▸ **AIM OF THE TASK**: All that should come back is the lines of the data below from the one containing "In the last" to the one containing "Crafted from slubbed", inclusive, exactly as they stand.

▸ **DATA FOR PROCESSING**:
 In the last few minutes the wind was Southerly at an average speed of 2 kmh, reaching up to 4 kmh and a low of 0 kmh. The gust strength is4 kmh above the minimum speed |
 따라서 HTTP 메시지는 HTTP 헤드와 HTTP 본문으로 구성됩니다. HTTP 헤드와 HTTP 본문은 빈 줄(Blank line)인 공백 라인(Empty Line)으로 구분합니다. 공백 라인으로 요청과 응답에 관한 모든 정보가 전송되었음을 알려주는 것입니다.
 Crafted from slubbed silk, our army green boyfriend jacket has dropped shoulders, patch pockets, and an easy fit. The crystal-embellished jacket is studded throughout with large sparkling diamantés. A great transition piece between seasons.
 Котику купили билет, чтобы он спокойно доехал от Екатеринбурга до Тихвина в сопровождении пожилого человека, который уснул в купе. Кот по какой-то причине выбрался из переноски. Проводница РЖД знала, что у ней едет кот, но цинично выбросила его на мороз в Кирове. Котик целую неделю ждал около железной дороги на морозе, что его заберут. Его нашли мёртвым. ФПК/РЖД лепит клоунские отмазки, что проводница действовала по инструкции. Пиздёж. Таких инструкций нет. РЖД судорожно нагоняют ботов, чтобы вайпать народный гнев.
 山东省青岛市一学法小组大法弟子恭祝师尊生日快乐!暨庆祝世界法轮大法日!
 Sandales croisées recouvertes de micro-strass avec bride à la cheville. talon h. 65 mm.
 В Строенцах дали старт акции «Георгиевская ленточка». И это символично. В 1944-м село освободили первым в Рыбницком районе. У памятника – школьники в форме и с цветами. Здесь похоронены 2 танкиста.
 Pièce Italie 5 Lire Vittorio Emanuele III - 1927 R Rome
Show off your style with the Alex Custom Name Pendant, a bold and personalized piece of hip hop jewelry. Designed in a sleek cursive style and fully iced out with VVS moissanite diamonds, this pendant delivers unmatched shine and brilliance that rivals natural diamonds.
==
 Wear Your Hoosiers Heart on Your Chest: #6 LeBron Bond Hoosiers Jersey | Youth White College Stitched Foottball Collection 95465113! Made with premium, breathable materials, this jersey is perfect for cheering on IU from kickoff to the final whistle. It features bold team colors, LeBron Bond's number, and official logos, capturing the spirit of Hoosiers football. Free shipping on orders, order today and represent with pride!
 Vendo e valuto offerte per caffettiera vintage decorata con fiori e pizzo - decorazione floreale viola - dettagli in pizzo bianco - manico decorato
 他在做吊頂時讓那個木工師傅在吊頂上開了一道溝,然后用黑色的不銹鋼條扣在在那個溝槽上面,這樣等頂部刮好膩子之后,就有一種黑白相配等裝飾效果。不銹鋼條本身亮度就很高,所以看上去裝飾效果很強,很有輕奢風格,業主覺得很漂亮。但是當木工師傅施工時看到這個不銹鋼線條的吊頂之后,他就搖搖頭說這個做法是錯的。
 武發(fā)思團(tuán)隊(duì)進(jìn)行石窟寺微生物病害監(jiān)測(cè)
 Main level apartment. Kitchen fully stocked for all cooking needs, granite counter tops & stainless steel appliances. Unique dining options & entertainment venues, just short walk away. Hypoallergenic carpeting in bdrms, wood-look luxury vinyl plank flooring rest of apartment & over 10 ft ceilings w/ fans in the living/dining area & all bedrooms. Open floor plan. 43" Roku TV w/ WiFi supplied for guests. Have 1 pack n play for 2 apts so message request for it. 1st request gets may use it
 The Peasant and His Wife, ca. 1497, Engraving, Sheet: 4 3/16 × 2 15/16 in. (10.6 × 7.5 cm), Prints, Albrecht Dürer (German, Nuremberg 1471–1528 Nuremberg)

▸ **ANSWER TO THIS TASK**:
 In the last few minutes the wind was Southerly at an average speed of 2 kmh, reaching up to 4 kmh and a low of 0 kmh. The gust strength is4 kmh above the minimum speed |
 따라서 HTTP 메시지는 HTTP 헤드와 HTTP 본문으로 구성됩니다. HTTP 헤드와 HTTP 본문은 빈 줄(Blank line)인 공백 라인(Empty Line)으로 구분합니다. 공백 라인으로 요청과 응답에 관한 모든 정보가 전송되었음을 알려주는 것입니다.
 Crafted from slubbed silk, our army green boyfriend jacket has dropped shoulders, patch pockets, and an easy fit. The crystal-embellished jacket is studded throughout with large sparkling diamantés. A great transition piece between seasons.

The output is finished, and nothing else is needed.